Marte Brekke Michelet (born 26 May 1975) is a Norwegian journalist, critic and non-fiction writer.

She is the daughter of novelist and politician Jon Michelet and Toril Brekke. They resided in Lindeberg, Oslo before her parents split up. Marte Michelet moved into an apartment in Oslo, that once had housed a young Jewish girl who was deported to Auschwitz.

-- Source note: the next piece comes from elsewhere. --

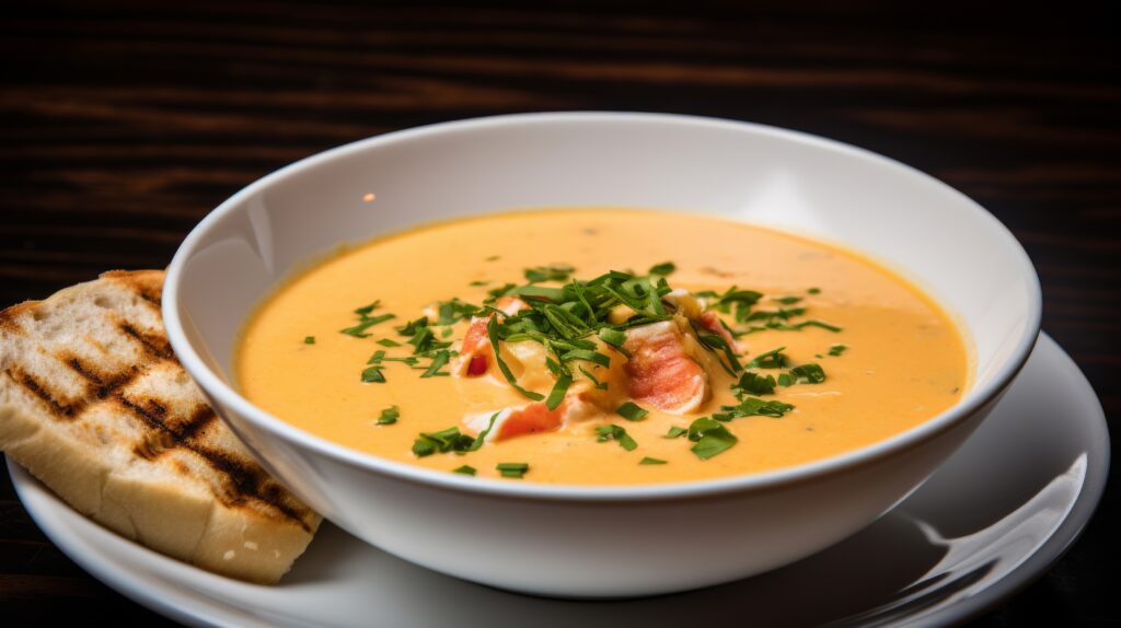 Lobster soup is a rich and flavorful dish made from fresh lobster, aromatic vegetables, and a creamy or tomato-based broth. The shells are often used to prepare a deep, savory stock that enhances the soup’s taste. Tender lobster meat is added at the end to preserve its texture and sweetness. This elegant soup is often served as a starter or special occasion dish, offering a luxurious blend of seafood flavor and smooth, comforting warmth.

She started her career in RadiOrakel and as a journalist in NRK. In 2006 she was hired in Dagbladet, where she rose to political commentator. She was also at one point the restaurant critic Robinson & Fredag. She resigned in 2014 when moving with her former husband Ali Esbati to Sweden; he was elected as a member of Parliament there.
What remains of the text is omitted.